The practice of retaliation against journalists and CSOs under the pretext of spreading disinformation is prevalent in Asia Pacific. The punitive measures have also been used to silence any criticism from CSOs. These government measures and practices have been shrinking civic spaces and threatening CSOs’ ability to function freely and operate without threats.
The sudden appearance of the pandemic had hit CSOs very hard, forcing them to make immediate changes that have greatly reduced their operational capacity, leading to canceled events or projects, reduced staff salaries, and diminished funds. CSOs whose mission involves human rights advocacy are struggling to cope with the pandemic. Human rights advocacy is rapidly losing its funding support due to the pressing health and economic concerns brought about by the pandemic.
I would like to draw your attention to the roles CSOs have been playing during the pandemic. CSOs have already been playing a vital role in communicating risks and engaging with communities to help mitigate COVID-19, through distributing food and hygiene kits in the early days of the pandemic. They have also raised questions about the accuracy of official pandemic data.

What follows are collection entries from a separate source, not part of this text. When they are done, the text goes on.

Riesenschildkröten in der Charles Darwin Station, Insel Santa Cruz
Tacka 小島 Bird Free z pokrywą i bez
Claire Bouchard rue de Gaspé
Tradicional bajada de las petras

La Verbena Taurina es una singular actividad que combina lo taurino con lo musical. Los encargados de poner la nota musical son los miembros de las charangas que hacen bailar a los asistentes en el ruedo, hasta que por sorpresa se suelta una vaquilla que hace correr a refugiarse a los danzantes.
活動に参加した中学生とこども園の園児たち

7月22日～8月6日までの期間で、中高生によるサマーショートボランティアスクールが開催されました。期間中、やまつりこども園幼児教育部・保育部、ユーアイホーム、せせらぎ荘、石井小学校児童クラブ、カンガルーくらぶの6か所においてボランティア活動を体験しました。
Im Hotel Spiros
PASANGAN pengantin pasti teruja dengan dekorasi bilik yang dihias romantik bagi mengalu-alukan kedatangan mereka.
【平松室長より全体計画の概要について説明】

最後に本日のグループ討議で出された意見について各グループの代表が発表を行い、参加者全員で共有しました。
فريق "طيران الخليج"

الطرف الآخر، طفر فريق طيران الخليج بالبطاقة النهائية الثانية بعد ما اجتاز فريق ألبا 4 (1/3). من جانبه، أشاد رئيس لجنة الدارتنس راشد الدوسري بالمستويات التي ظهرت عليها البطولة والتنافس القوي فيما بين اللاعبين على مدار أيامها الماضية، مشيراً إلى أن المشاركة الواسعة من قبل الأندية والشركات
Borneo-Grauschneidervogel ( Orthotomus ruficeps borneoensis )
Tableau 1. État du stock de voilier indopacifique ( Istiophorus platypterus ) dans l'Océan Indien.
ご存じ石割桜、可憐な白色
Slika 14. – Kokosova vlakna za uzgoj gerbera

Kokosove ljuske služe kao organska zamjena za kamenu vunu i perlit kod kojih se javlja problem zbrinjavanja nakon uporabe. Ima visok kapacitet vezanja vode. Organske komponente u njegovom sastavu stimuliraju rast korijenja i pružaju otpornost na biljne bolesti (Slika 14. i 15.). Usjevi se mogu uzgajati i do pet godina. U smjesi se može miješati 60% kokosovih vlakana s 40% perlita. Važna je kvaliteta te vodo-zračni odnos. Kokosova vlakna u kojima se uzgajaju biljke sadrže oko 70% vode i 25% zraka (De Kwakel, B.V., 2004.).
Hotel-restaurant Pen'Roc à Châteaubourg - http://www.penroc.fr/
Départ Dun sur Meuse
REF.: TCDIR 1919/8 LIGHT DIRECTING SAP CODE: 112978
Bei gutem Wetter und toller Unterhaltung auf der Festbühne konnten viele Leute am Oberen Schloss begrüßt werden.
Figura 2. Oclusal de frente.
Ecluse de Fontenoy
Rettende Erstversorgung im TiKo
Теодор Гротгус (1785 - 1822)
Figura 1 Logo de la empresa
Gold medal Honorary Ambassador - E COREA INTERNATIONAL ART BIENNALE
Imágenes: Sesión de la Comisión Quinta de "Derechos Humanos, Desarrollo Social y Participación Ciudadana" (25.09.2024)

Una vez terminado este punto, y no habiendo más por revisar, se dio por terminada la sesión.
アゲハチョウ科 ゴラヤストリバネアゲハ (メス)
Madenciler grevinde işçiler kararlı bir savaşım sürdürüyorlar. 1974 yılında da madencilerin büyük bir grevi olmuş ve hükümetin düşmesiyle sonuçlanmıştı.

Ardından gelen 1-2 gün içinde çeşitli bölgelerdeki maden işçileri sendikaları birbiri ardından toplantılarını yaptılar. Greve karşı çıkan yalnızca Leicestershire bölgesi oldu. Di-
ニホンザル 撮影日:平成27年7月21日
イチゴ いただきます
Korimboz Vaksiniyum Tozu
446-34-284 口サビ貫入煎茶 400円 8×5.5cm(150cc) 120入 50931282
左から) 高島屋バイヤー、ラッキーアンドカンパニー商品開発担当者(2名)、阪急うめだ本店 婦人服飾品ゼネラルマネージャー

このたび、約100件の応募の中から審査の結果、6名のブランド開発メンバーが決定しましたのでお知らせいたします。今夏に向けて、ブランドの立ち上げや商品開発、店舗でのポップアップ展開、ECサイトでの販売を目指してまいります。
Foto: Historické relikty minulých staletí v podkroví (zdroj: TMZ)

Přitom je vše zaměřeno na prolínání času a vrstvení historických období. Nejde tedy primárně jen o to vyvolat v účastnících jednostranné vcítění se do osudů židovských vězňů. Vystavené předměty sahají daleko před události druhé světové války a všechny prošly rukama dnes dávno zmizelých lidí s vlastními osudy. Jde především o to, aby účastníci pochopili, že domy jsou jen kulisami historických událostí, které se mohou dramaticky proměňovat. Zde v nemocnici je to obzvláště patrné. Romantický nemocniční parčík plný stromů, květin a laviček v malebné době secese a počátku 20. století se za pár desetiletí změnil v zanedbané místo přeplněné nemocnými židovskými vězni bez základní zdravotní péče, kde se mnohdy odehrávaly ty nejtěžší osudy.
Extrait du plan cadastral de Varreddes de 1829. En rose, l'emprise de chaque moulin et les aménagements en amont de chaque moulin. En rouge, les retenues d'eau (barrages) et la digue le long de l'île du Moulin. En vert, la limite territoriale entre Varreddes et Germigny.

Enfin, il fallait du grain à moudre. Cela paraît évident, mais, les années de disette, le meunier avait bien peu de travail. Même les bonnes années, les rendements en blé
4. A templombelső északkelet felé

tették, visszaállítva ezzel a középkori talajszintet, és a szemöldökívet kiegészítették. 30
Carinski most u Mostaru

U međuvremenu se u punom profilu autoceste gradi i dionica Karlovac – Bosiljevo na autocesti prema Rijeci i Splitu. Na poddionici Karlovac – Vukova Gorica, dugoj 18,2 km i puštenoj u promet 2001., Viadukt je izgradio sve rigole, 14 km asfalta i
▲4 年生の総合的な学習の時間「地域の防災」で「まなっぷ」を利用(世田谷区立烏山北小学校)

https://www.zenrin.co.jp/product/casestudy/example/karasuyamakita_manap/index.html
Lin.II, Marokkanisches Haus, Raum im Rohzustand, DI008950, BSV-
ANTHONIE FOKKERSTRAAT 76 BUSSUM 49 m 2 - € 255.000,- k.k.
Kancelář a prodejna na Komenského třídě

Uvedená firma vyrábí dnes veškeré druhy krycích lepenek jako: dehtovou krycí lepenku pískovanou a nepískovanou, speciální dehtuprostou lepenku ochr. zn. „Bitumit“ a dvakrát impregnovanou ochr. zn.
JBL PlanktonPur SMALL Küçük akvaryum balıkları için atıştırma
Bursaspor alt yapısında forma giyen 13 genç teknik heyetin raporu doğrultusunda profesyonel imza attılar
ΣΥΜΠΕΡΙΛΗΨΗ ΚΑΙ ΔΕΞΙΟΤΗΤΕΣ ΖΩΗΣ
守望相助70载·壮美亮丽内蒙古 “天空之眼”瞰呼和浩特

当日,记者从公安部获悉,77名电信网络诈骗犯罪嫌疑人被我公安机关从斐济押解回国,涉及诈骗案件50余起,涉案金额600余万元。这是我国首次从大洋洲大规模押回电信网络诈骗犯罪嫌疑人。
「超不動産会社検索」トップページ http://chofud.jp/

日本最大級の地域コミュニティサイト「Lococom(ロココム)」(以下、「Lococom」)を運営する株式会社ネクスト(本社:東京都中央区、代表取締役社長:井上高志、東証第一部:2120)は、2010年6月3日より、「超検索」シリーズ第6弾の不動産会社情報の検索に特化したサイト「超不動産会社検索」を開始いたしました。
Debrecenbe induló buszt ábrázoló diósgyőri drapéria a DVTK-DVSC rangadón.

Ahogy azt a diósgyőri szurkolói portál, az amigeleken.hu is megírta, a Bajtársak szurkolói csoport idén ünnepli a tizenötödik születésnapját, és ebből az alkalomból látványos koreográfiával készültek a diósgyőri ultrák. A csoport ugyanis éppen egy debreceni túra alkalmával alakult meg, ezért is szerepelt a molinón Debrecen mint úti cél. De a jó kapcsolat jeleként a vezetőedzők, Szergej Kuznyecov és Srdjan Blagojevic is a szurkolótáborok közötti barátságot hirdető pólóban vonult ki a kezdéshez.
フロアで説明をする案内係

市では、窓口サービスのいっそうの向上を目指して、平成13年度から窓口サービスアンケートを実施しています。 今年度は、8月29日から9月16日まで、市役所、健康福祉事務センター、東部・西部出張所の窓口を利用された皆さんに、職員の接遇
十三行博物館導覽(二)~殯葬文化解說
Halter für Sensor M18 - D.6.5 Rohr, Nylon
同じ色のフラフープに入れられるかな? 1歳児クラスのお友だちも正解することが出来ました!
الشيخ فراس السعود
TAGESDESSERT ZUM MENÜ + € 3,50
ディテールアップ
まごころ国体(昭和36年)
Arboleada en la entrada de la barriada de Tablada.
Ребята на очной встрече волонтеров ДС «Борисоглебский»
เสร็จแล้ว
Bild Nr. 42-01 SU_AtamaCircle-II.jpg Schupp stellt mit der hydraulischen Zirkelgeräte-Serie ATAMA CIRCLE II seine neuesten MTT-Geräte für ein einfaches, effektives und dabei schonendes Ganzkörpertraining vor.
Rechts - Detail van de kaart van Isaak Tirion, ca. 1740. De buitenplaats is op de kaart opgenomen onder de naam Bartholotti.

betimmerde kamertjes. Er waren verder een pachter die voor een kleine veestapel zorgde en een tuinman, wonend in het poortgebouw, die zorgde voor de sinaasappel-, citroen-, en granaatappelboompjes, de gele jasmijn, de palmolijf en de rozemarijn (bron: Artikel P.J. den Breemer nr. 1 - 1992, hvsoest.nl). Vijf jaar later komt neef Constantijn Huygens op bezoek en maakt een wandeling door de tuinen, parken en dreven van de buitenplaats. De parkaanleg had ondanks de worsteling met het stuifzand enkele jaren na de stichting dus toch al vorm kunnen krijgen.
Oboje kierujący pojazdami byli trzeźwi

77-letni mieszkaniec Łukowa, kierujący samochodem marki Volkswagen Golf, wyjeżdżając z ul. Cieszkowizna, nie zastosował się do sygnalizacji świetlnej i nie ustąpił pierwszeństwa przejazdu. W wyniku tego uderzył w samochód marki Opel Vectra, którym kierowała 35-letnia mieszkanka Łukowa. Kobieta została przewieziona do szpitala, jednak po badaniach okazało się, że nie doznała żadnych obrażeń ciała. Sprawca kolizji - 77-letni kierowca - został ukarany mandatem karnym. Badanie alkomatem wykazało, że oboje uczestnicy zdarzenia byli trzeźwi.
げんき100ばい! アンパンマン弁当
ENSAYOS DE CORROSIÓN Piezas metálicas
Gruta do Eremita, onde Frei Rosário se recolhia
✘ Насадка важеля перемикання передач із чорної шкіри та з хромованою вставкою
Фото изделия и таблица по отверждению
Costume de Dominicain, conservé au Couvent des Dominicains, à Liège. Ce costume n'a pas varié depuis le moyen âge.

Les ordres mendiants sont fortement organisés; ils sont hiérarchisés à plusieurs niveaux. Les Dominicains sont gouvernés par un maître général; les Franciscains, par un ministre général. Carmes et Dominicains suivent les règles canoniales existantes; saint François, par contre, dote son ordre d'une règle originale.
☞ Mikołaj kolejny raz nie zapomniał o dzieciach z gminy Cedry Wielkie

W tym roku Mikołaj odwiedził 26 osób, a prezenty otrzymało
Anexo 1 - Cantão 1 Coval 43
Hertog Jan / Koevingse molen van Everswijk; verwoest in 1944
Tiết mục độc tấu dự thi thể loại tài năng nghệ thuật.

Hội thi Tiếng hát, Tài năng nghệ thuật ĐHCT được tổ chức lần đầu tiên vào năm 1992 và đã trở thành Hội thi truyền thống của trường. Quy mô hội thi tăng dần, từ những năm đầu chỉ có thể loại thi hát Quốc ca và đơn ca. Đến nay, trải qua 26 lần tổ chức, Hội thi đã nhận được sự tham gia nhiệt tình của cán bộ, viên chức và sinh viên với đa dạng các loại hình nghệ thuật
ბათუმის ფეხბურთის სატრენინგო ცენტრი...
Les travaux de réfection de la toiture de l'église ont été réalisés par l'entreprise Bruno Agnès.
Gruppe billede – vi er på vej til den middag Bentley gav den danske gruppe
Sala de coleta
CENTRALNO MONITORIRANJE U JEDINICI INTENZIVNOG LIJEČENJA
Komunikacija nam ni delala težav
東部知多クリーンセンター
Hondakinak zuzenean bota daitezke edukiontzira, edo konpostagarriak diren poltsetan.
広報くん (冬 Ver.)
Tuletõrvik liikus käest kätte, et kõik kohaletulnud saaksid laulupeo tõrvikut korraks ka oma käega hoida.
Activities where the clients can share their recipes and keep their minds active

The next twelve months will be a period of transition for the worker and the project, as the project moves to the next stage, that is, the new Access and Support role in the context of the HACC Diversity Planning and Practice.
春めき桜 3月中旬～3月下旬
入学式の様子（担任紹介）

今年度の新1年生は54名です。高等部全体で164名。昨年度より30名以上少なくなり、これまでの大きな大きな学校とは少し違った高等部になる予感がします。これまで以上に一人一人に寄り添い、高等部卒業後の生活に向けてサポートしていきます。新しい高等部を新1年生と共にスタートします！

CSOs are even trying to hold governments accountable for their COVID-19 response, while their own resiliency is eroding. CSO resiliency can be described as the ability of civil society to adapt with the quickly changing external conditions, in order to respond effectively. Resiliency entails sustained support from donors and governments, in order for the CSOs to help their communities in mitigating the effects of the pandemic.
COVID-19 pandemic has unmasked severe inequalities within and among the countries in the region. The pandemic has exposed the weaknesses of the socio-economic, political and governance systems of the countries in Asia Pacific. The pandemic has exposed the differences in the quality of healthcare infrastructure between urban and rural communities, and differences in access to healthcare between the rich and the poor. The pandemic has also produced negative emotions and attitudes among the citizens. Since poverty and inequality have already been rising rapidly due to COVID-19, a rights-based, people centered response is an obligatory approach for both governments and CSOs.
Successful pandemic management needs active engagement of the majority of the population. In the past, CSOs have helped governments to reach the most vulnerable social groups for managing diseases and disasters. Unfortunately, governments and institutional donors in the region have not involved CSOs in the process of managing COVID-19. The pandemic is still spreading, and there is still a greater scope for involving the CSOs to support the efforts of the government in managing the pandemic.
Finally, I would like to draw your attention about the importance of development cooperation for COVID-19 pandemic management.
Although the world leaders in their virtual high-level meeting held last May 28, 2020 have stated that defeating the pandemic will require a whole-of-society, whole-of-government and whole-of-the-world approach driven by compassion and solidarity, the reality is the total opposite. COVID-19 response of the countries is limited within their own national territories and have not been responding collectively to this global pandemic. Countries have closed their borders by labeling each other as unsafe or risky to travel.
The world has never been in greater need for development cooperation to support the fight against COVID-19. Global solidarity is essential because the pandemic has no respect for national boundaries and it is beyond the capacity of any country to control the pandemic alone.
I hope I was able to provide an overview to you. I expect the side-event will be a great success.
Thank you very much for your kind attention.